Even these facts cannot erase the voice that argues, silently, he shouldn’t be here.

Nishimiya doesn’t want him to be in pain. She has, more than once and in so many words, tried to explain this. Shouya supposes that he’s been telling her the same thing in his own way.

_I don’t want to hurt you anymore. I don’t want you to hurt yourself._

This is his life. She will not ask him to give it away for anyone. Expecting as much in turn was wrong.

Telling her to watch over Yuzuru had been an excuse. He still wonders if Nishimiya understood it as such.

He couldn’t sleep. It was too hot, the air sticky, sweat beading down his spine.

They would all be leaving. Every one of them. Nagatsuka, Sahara, Mashiba, Kawai. Ueno.

Yuzuru would need to make friends with children her own age. It was time for her to grow out of her sister’s shadow.

Shouya knows, as he knew then, that if he didn’t move the world would keep going without him. He isn’t the only one being dragged toward deeper waters.

Going anywhere else for his degree might mean the chance to start new. To be a stranger. To shed his past like a skin grown too tight. But that isn’t what Shouya wants.

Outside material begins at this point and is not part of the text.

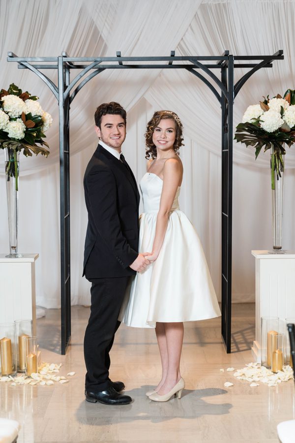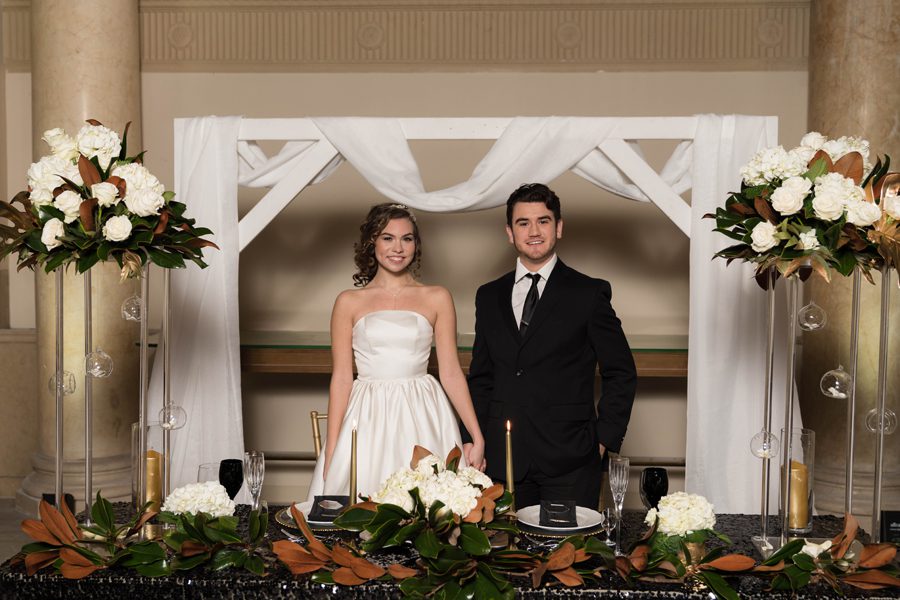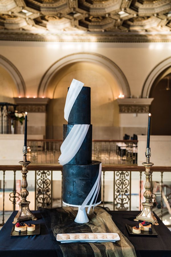 When I tell you that we were both simply floored with the detailing of the venue. If I had to choose one word for it I’d say exquisite. The 35-inch coffered gold-leaf ceiling and majestic tall Palladian windows were just two of the many things that stood at the Treasury. Immediately we knew we wanted to feature the gold color of the building, along with another element to make a statement. Ultimately, we went with the color theme of black and white with hints of gold. Black was the main star of the show, but we also wanted to use the accent of gold from the building.

It occurred to him, staring at the peeling remains of stickers on his wall, that he isn’t strong enough to start over. Not alone, not completely. Not again. He can’t look straight into a sea of strangers. He can’t take risks on small talk without knowing whether this will be another Shimada, another Hirose. If it will be Kawaii, who so insists on her innocence he occasionally finds himself doubting reality. If it will be Ueno who he still can’t read, who changes according to what she thinks will mold him. A pit, a whirlpool he can’t stray close to because Ueno will suck him down so he will never surface and she will _drown_ him.

Shouya felt something break, years ago, something distinct from the way Nishimiya broke. Even hearing people’s voices clearly, the idea of approaching someone for the first time isn’t a gamble he can make anymore. Not on purpose. It’s easier knowing what to expect, even if that expectation is bad. He can’t trust himself to choose who is trustworthy at a glance. He can’t trust himself not to go mute again.

But even beyond his own plans, he isn’t looking to stay with Nagatsuka. He isn’t running the idea past Sahara.

Desperately, he wants to stay by Nishimiya’s side. He can’t imagine his life empty of her.

_Can I see you? Would it be weird to see you? Would I ruin things?_

_You deserve to be free of all this. You don’t need me._

_I’m sorry._

He held the sign, shaking, in his hands. He couldn’t meet her eyes.

_I’m sorry._

_It’s a selfish thing to ask._

She caught him. Held him in place. He knew in the firmness of her grip that she was waiting for him to look up.

Haltingly, he started to sign against her palms.

_I don’t have any right to—_

One of Nishimiya’s fingers pressed, hard and sudden, against his lips.

Her face has always been gentle. Wide eyes, a short nose, delicate lips. In that moment her jaw was set, a granite determination lining her gaze.

_Would you miss me? Yes or no._

She forced his lungs empty. If anything else escaped between his teeth, in the moment he couldn’t hear it. He can’t remember hearing anything.

The world rose and fell in waves around him, a nod as inevitable as anything they’ve been through together.

Fighting will always prove exhausting, and he was exhausted then. Shouya found his limbs numb and limp, everything simultaneously too light and too heavy. A filled balloon that was neither completely water nor air. The universe anchored only by Nishimiya herself, who could move him how she willed.

He felt her arms around him, behind his neck, across his back. Steady. His mouth pressed to her shoulder. Her shampoo familiar, strawberry-scented. What Yuzuru showed him a lifetime ago.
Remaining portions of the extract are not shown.